EXERCISE OBJECTIVE: Transcribe exactly the lines from the one containing "The Nationwide mortgage" through the end of the data, both included. Leave out pictures.

DATA:
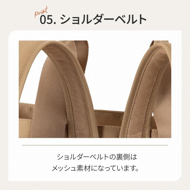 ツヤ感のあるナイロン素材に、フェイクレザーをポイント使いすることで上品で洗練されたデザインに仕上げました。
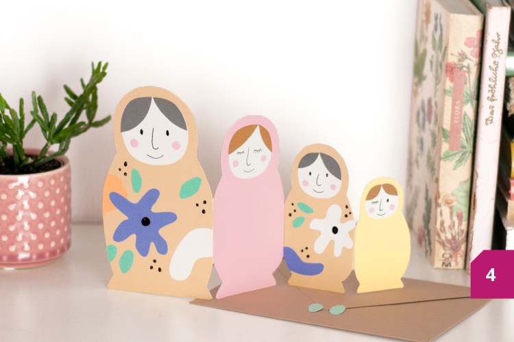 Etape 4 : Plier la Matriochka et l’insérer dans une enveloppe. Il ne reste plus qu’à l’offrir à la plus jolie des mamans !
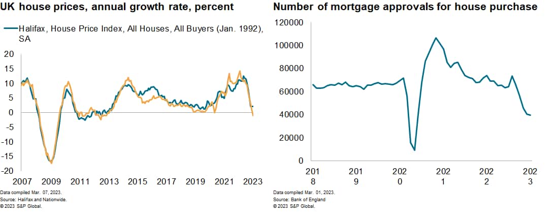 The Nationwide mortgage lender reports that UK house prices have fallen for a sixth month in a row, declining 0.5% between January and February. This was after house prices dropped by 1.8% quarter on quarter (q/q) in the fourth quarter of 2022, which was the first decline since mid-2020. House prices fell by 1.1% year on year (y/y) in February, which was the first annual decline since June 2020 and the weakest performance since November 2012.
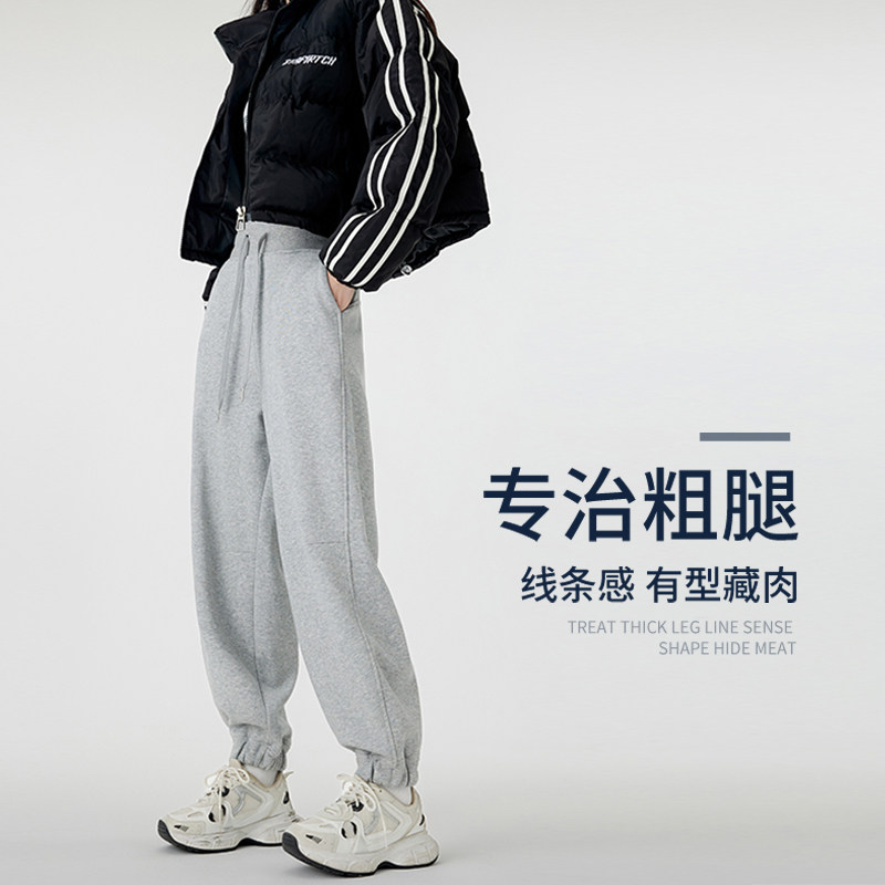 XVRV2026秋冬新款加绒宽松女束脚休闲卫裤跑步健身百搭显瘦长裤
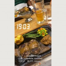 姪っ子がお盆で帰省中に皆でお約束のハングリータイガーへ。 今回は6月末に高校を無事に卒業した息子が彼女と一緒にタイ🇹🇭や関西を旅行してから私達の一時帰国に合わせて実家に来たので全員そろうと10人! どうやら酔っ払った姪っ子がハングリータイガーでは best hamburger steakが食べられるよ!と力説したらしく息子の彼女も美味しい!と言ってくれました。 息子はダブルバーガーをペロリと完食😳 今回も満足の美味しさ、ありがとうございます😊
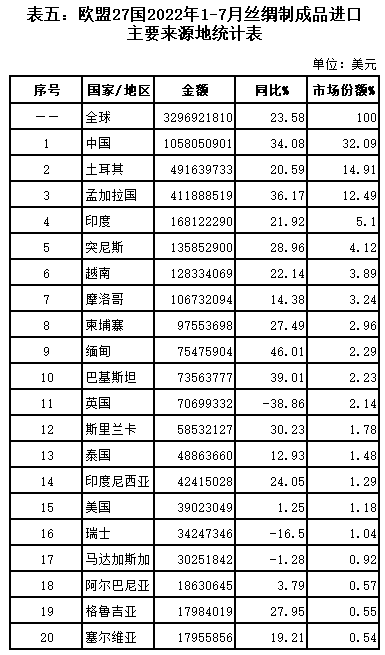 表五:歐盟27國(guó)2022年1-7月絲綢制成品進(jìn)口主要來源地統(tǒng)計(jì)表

TASK OUTPUT:
 The Nationwide mortgage lender reports that UK house prices have fallen for a sixth month in a row, declining 0.5% between January and February. This was after house prices dropped by 1.8% quarter on quarter (q/q) in the fourth quarter of 2022, which was the first decline since mid-2020. House prices fell by 1.1% year on year (y/y) in February, which was the first annual decline since June 2020 and the weakest performance since November 2012.
 XVRV2026秋冬新款加绒宽松女束脚休闲卫裤跑步健身百搭显瘦长裤
 姪っ子がお盆で帰省中に皆でお約束のハングリータイガーへ。 今回は6月末に高校を無事に卒業した息子が彼女と一緒にタイ🇹🇭や関西を旅行してから私達の一時帰国に合わせて実家に来たので全員そろうと10人! どうやら酔っ払った姪っ子がハングリータイガーでは best hamburger steakが食べられるよ!と力説したらしく息子の彼女も美味しい!と言ってくれました。 息子はダブルバーガーをペロリと完食😳 今回も満足の美味しさ、ありがとうございます😊
 表五:歐盟27國(guó)2022年1-7月絲綢制成品進(jìn)口主要來源地統(tǒng)計(jì)表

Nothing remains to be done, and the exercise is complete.